Data Availability: Raw data for this study were generated at IMBdx, Inc, using the clinical samples proved by IRB (Ewha Womans University Mokdong Hospital Institutional Review Board, irb-mok@eumc.ac.kr). Upon reasonable requests written to the data access at R&D Center, IMBdx, Inc (https://www.imbdx.com/other/customer.php) or to Ewha Womans University Mokdong Hospital Institutional Review Board, the data and sample material information can be available.
Funding: This work was supported by the National Research Foundation of Korea (NRF) funded by Basic Science Research Program through the National Research Foundation of Korea (NRF) funded by the Ministry of Science, ICT & Future Planning (NRF-2018R1A5A2025286 to HYK, NRF-2017M3A9A7050610 to T-YK, and NRF-2020R1A2C3008993 and NRF-2021M3A9D3024752 to JWL) and by a grant of Korean ARPA-H project through the Koreas Health Industry Development Institute (KHIDI), funded by the Misnistry of Health & welfare, Republic of Korea (RS-2024-00512207 to T-YK). The funders had no role in study design, data collection and analysis, decision to publish, or preparation of the manuscript. These funding details include all funding or source of supports (external or internal of our authors’ organizations) received during this study. There was no additional external funding received for this study.
Competing interests: I have read the journal's policy and the authors of this manuscript have the following competing interests: JA, SH, S-HS, and H-PK are employee of IMBdx, Inc. T-YK is co-founder of IMBdx. The other authors declare no potential conflicts of interest. this manuscript has not been published and is not under consideration for publication elsewhere.
Introduction
DNA methylation (DNAm) primarily occurs as methylation at cytosine residues preceding guanine in humans; these positions are commonly referred to as CpG sites. Although these CpG sites are depleted compared with their natural occurrence across the genome, they still tend to cluster in specific regions [1]. Regions with a high density of CpG sites are known as CpG islands and have been the focus of significant interest due to their association with gene expression [2]. Hypermethylation, characterized by an increased proportion of methylated CpG sites in these regions, is thought to inhibit gene expression by blocking the access of RNA polymerase or transcription factors. Based on this traditional perspective, methods focusing on CpG density such as reduced representation bisulfite sequencing (RRBS) have been developed and proven to be useful [3].
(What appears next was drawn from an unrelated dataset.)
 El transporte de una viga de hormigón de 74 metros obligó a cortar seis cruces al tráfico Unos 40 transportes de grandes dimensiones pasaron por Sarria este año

This CpG island model has recently encountered limitations, as various methylation patterns that cannot be explained by the existing model have been increasingly discovered. Notably, changes in regions adjacent to CpG islands have been found to vary more specifically based on cancer presence [4]. To address these distance-related changes, terms such as shore (approximately 2 kb), shelf (approximately 4 kb), and open sea (> 4 kb) have been introduced. Additionally, the understanding of DNA methylation has expanded from focusing solely on regions near gene transcription start sites (TSSs) to include gene body methylation [5]. The expansion of the observation window has necessitated the use of 450K and EPIC (850K) methylation arrays [6], leading to the detection of a broader range of changes and ultimately culminating in the need for whole-genome methylation sequencing (WGMS) to capture comprehensive genomic methylation changes for applications in environmental studies [7], exercise [8], and various diseases [9]. Notably, the observation that most cell type–specific methylation markers are located in regions not covered by existing arrays underscores the necessity of utilizing WGMS for a more comprehensive analysis [10].
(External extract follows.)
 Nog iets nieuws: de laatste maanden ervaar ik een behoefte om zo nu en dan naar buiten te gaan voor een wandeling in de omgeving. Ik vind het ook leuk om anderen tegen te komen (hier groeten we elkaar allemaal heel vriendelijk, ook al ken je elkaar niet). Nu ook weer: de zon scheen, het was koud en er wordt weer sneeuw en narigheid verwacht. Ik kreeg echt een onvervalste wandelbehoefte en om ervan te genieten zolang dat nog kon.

Metabolic dysfunction-associated steatotic liver disease (MASLD), previously termed non-alcoholic fatty liver disease (NAFLD), encompasses the accumulation of liver fat due to non-alcoholic causes and various conditions, including metabolic dysfunctions [11]. Its prevalence is steadily increasing globally, and it is known to be associated with obesity [12], type 2 diabetes (T2D) [13], and cardiovascular diseases [14]. Severe forms of MASLD, such as metabolic dysfunction-associated steatohepatitis (MASH, previously termed non-alcoholic steatohepatitis NASH), can progress to or associate with fibrosis and ultimately lead to cirrhosis or liver cancer, which has a lower survival rate [15]. Thus, there is a clear clinical need for the effective detection of MASLD changes. However, traditional liver biopsy [16], the gold standard for diagnosis, is invasive and carries significant drawbacks, such as inconvenience and potential side effects, leading to reluctance associated with its use and perpetuating a cycle of limited understanding of MASLD. In response to these limitations, various non-invasive methods for MASLD assessment have been researched [17]. Whereas previous methods primarily relied on protein-based approaches, recent developments have highlighted the potential of using cell-free DNA (cfDNA), DNA fragments that circulate freely in the blood. Although there are various interpretations regarding the source of cfDNA [18], the correlation between the origin of cfDNA detected and organs damaged due to disease supports the hypothesis that cfDNA is residual material from cells that have died for various reasons [19]. Consequently, normal individuals have low levels of cfDNA, primarily derived from blood cells, but in cases of cancer or inflammation, cfDNA originating from affected tissues can be detected, making it a promising target for non-invasive monitoring [20]. Analysis of cfDNA through DNAm patterns can reveal tissue-specific DNAm profiles, making DNA methylation pattern analysis a preferred method. The understanding that MASLD is a complex disease involving not only liver cells but also various immune cells highlights the necessity of cell-type deconvolution through methylation analysis [21].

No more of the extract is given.